University Researchers

Docent Tuomas Martikainen

Governance and securitization of Islam in Finland Tuomas Martikainen

This research is centered on how European institutions have shaped Finnish governance of Muslim communities. It explores how such organizations as the European Commission, Council of Europe, the European Union Agency for Fundamental Rights, European Court of Human Rights, and the Organization for Security and Co-operation in Europe create impulses for policy change. In addition, it includes discussions of the securitization of Islam and analyses how the intersection of immi­gration, integration, and security policies are affecting Muslim organizations in Finland.

The project shows that European developments have been central for the Finnish policies on Muslim immigrants. The conflicting agendas of immigrant integration and national security have led to both state’s co-operation with and monitoring of Finnish Muslim communities. Over the 2000s several new initiatives have emerged as both civil society and public administration efforts to deal with the new religious diversity. These are gradually finding more permanent institutional forms, and thereby securing the permanence of (inter)religious questions as a significant aspect of the governance of new immigrant-origin diversities. However, even though many of the questions do have international and European roots, the solutions are affected by the existing institutional landscape of Finland.

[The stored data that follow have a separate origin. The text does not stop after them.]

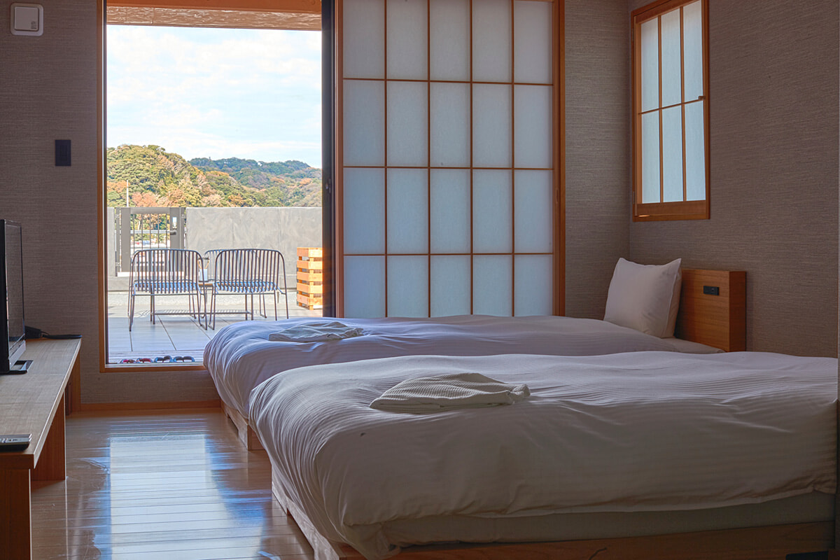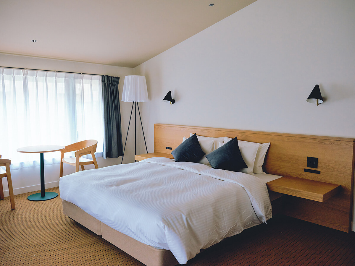 ダブルベッドタイプの客室「TERRACE」。テラスつきなので自然を感じながらゆっくりと過ごせる。
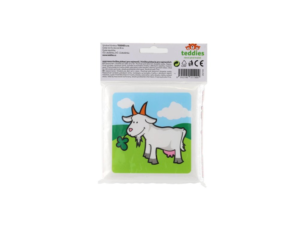 Pískací knížka s pestrými obrázky zvířátek zaujme dětskou pozornost a rozvíjí fantazii.Velikost: 13 x 12,5 cm.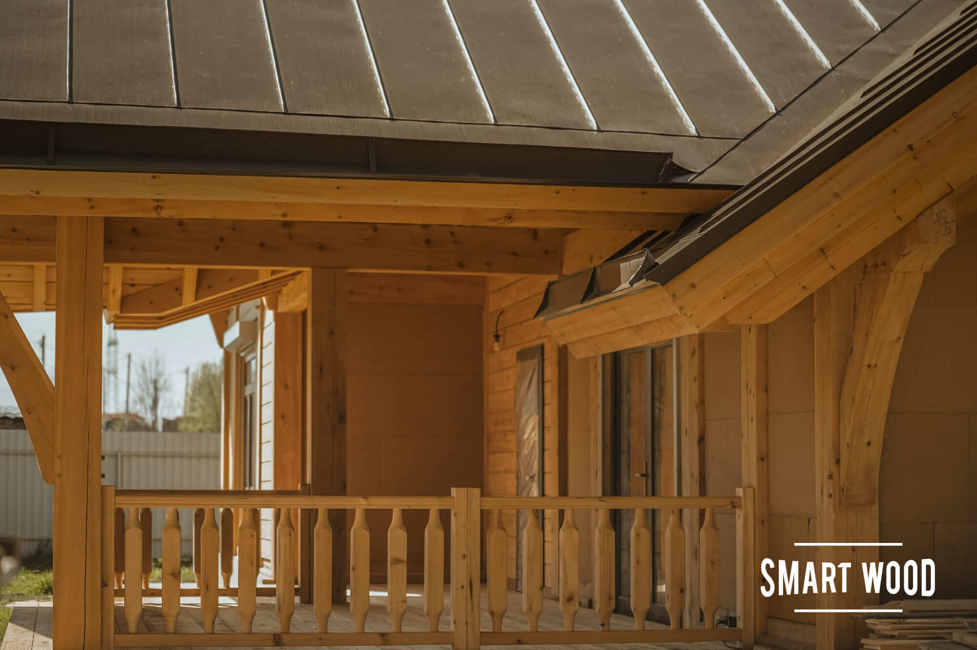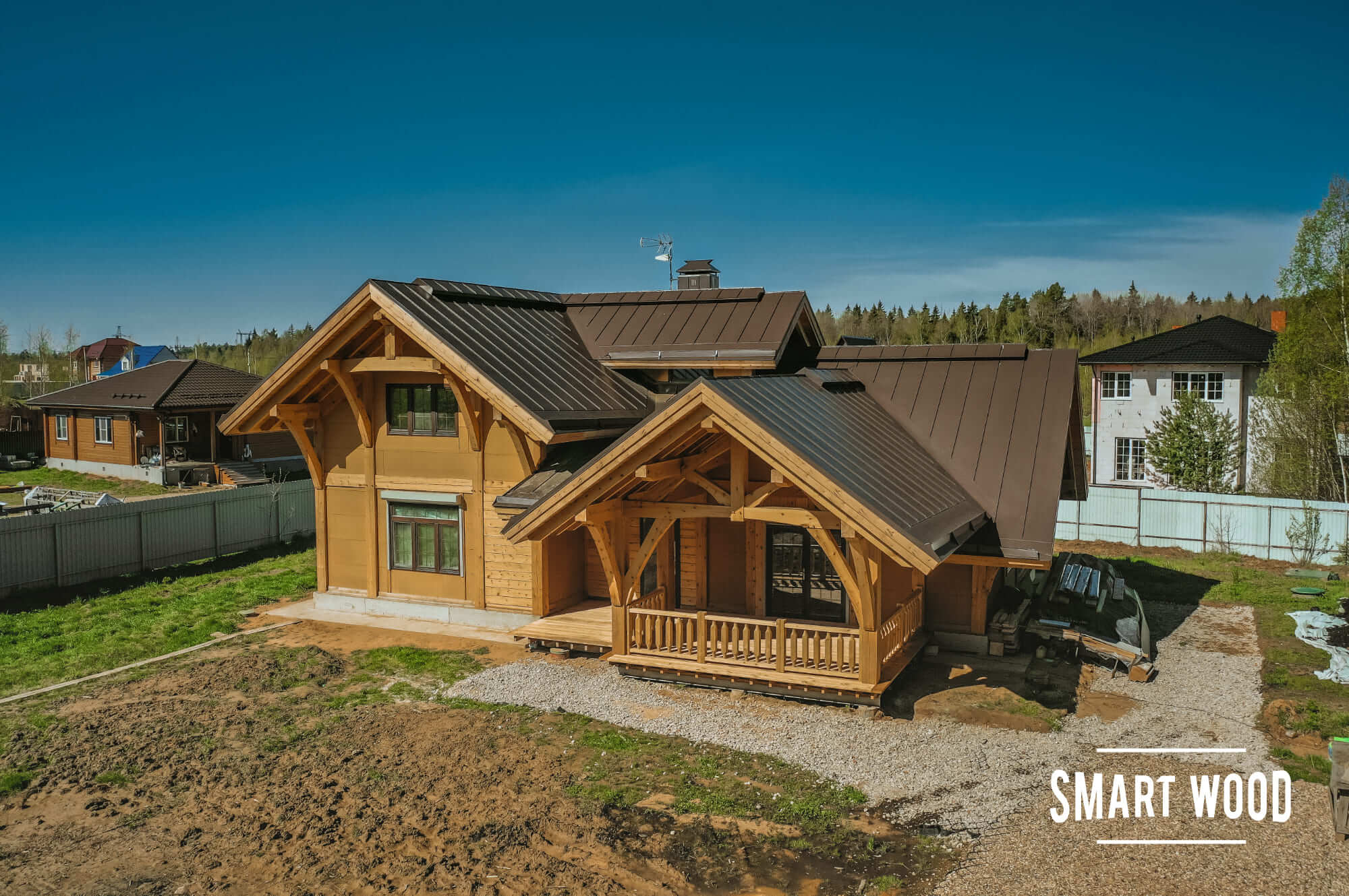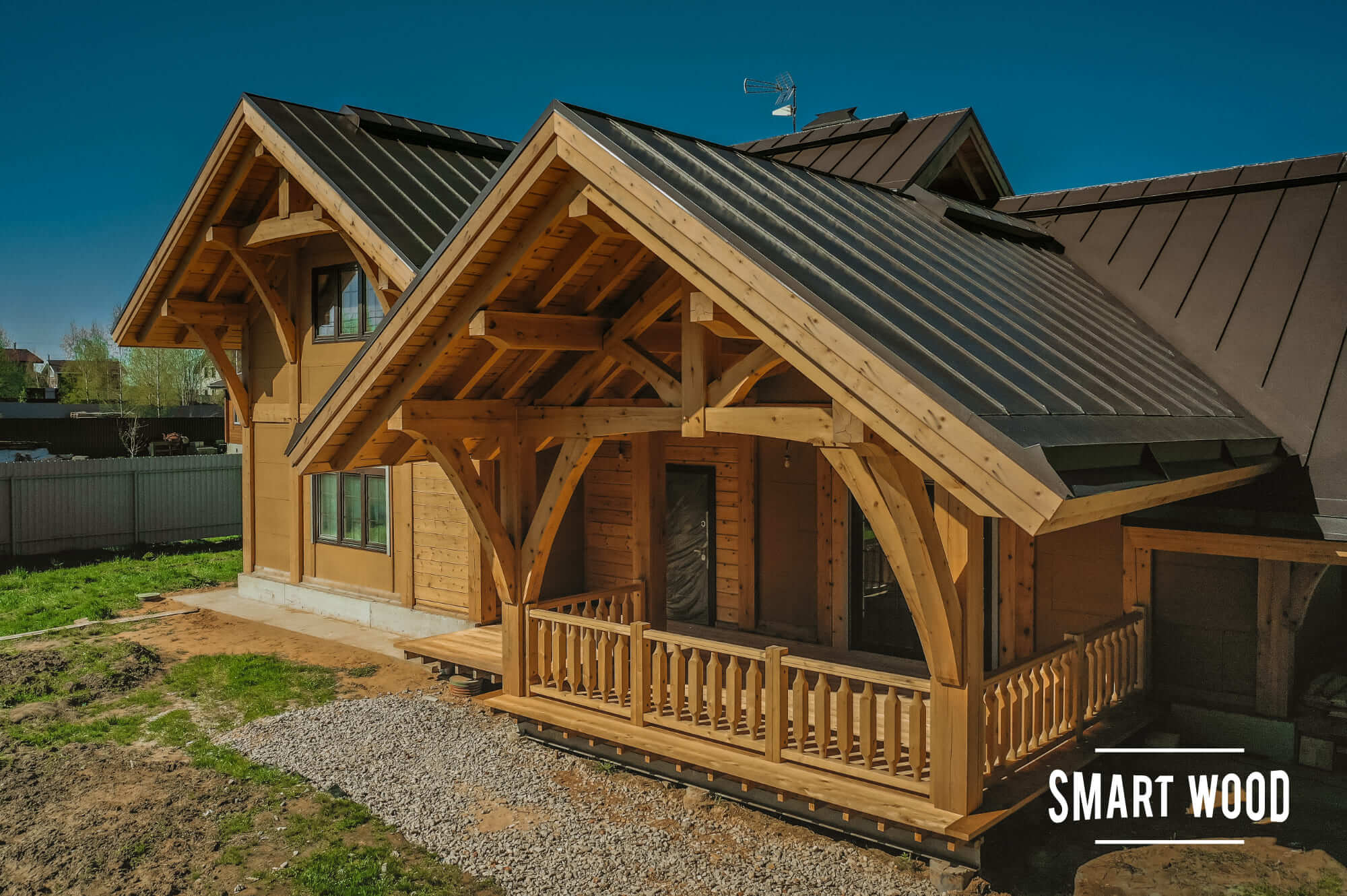 В Timber Frame мы сначала собираем комплект каркаса, а затем «одеваем» его крышей и стенами. И на этапе заполнения каркаса у нас два варианта: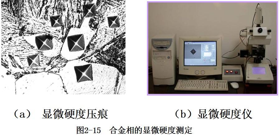 維氏顯微硬度, 簡(jiǎn)稱顯微硬度, 是測(cè)量陶瓷和金屬合金中某一相微區(qū)的硬度, 如圖2-15所示。
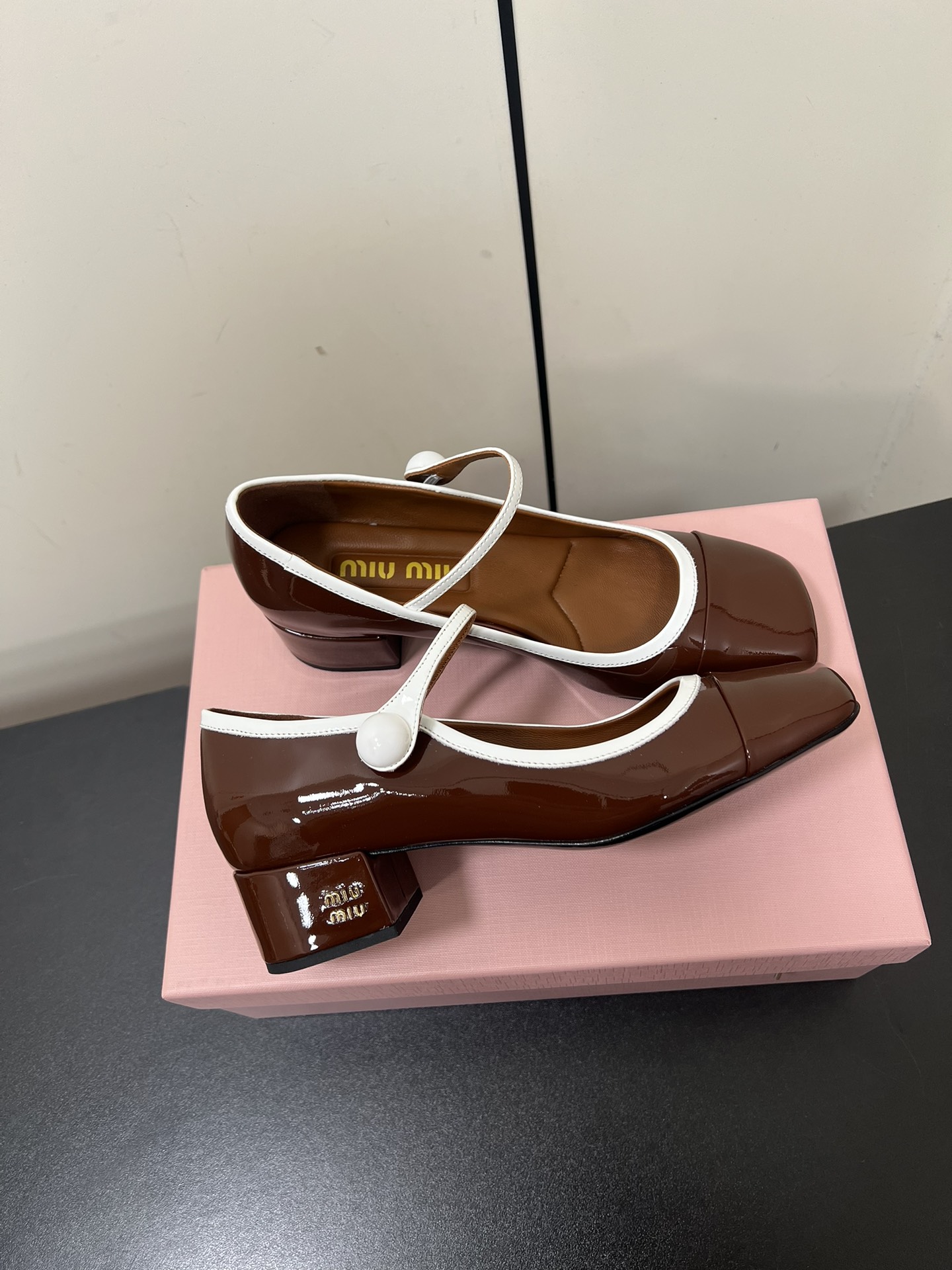 这款鞋子是AAAAA 1:1 质量 (非常棒). 使用了和原版一模一样的材料. 商标部分也保持了和缪缪/Miu Miu一样. 图片拍摄是实物鞋子拍摄, 您所收到的实物保证和我们图片一模一样.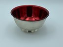 Lovely bowl with red acrylic liner. Marked Paul Revere Reproduction Oneida USA on the bottom. Believed to be silverplate as it has some tarnish and looks like silver. In good condition with scuffs and scratches from age and use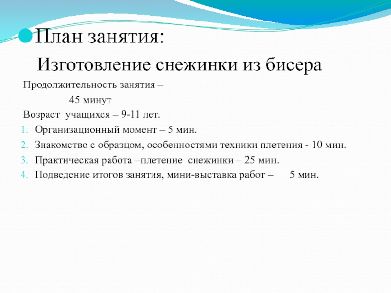 План занятия: Изготовление снежинки из бисераПродолжительность занятия – 45 минутВозраст учащихся – 9-11 лет.Организационный момент – 5 мин.Знакомство с образцом, особенностями техники плетения - 10

The central results of the project have been (or will be) published in the following publications:

  1. Martikainen, Tuomas & Tuula Sakaranaho (eds)  (2011). Mitä muslimit tarkoittavat? Keskustelua islamilaisista virtauksista Suomessa ja Euroopassa. Turku: Savukeidas.
  2. Martikainen, Tuomas & Marja Tiilikainen (eds) (2013) Islam, hallinta, turvallisuus. Turku: eetos.
  3. Martikainen, Tuomas, José Mapril & Adil Khan (eds) (in progress) Muslims at the Margins: Finland, Ireland and Portugal.
  4. Martikainen, Tuomas & Phillip Connor (eds) (in progress) Counting Immigrant Religions.

Docent Marja Tiilikainen

Somali Muslim women, transnational families and human security in Toronto

The purpose of this research is to explore the experiences and organization of human security in transnational Somali Muslim families, in particular among the Somali women and mothers, in Toronto. What kind of impact may Canadian policies aimed at securitization of Islam have on their daily lives? What kinds of threats and insecurities do they perceive? What are the available resources for transnational Somali families and women for building a sense of safety and security?

Recent publications, related to the research project, include:

  1. Martikainen, Tuomas & Marja Tiilikainen (eds) (2013). Islam, hallinta, turvallisuus. Turku: eetos.
  2. Tiilikainen, Marja (2013). Illness, Healing, and Everyday Islam: Transnational Lives of Somali Migrant Women. In: Nathal M. Dessing, Nadia Jeldtoft, Jørgen S. Nielsen, and Linda Woodhead (eds.), Everyday Lived Islam in Europe. Farnham and Burlington, VT: Ashgate.
  3. Shanneik, Yafa and Marja Tiilikainen (in review process). (Re)creating Home: Sudanese and Somali Women in Ireland and Finland. In: Tuomas Martikainen, José Mapril and Adil Khan (eds.), Muslims at the Margins: Finland, Ireland and Portugal.